The above is taken from the Pabst website. Sadly, the tradition of making
beer at all seems to have ended for Pabst. The company has a long and
prestigious history of brewing that includes being the number one brewer in
the country at the dawn of the twentieth century. Oh, how the mighty have
fallen. The company’s roots date back to 1844 when German Immigrant Jacob
Best established a brewery in Milwaukee, Wisconsin. The company takes its
name, however, from Captain Frederick Pabst, who married Jacob’s daughter in
1862 and became an equal partner in 1864 of the company that would bear his
name from 1889 on. Best retired in 1866, and from that point forward Pabst
directed the company towards ever increasing sales.
Such are the beginnings of Pabst Brewing Company. The brewing world today is
a far cry from what it was in the days of the mid to late nineteenth
century, however, and Pabst has of late been a major player in the mess that
American business has made of a once proud vocation.
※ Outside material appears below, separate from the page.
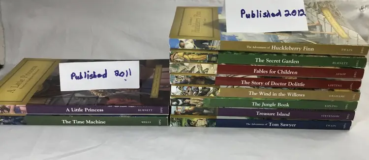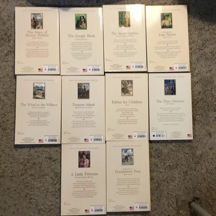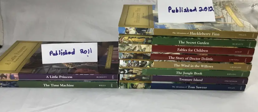 Lot of 10 Junior Classics for Young Readers books, by Dalmatian Press publishing 2 books from 2011: A Little Princess & The Time Machine. 8 books from 2012: The Jungle Book, The Secret Garden, Wind in the Willows, Dr. Doolittle, Treasure Island, Huckleberry Finn, Tom Sawyer, Aesop's Fables. All are illustrated. Minor wear on a few edges or corners.

Back in 1996, the major
news in the brewing world was the acquisition of the G. Heileman Brewing
Company, then one of America’s largest brewers behind Anheuser Busch,
Miller, Coors, Pabst, and Stroh, by the Stroh Brewing Company of Detroit,
Michigan. No sooner had Stroh digested Heileman and it’s popular local
brands Old Style (which was a huge brand in Chicago and parts of the
Midwest), Mickey’s, Black Label, Blatz, Henry Weinhard’s and many others
than it was in turn gobbled up by Pabst in 1999. Sadly, all of these
once-proud brands have been reduced to just another label by the corporate
mentality of today’s large brewers.
Pabst Blue Ribbon beer got the name from the numerous awards it had received
back in the nineteenth century. The beer pours to a light yellow color with
a very fizzy head that fades away almost as quickly as it forms. The nose is
very light and watery. The palate is very light as well, with just a touch
of malt and some corn adjunct character. There’s just not much going on here
to set the beer apart from water right on into the slightly sweet finish. I
can’t recommend this beer on any basis, and with the closing of the last
Pabst brewery I’m not sure if its low price (the beer’s main selling point)
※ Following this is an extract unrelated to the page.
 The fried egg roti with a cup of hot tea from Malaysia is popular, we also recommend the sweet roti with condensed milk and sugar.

will be enough to save it in the future. I can’t see how Pabst will be able
to brew a beer at Miller, pay Miller enough for them to make a profit on it,
mark it up themselves and still sell it for less than beer Miller can make.
Update: October 27th, 2013:
Lately, I've sort of had a
rethinking on Pabst Blue Ribbon, and come to the conclusion I may have been
too hard on this beer. When considered as what it's supposed to be, an
American Lager, it isn't all that bad, and hey, it is what it's supposed to
be. Pabst does have a habit of turning up at good beer places. Tasted today
on tap at Taco Mac, it was clean and crisp with just a hint of adjunct
distraction, and was a reasonable starter beer for a warm afternoon of
watching football. And it just $3 for a draft, you can't argue with the
price.
Not that long ago (May of 2013 actually),
Taco Mac had another $3 Pabst special, then for a 16-punce kinger can with a
free paper-bag style can coozie. The coozie was really cool, and plastic
coated, so I had to have one. Still and all, I prefer Pabst on draft to the
canned version.
And remember, try a new beer today, and drink outside the box.
*Pricing data accurate at time of review or latest update. For
reference only, based on actual price paid by reviewer.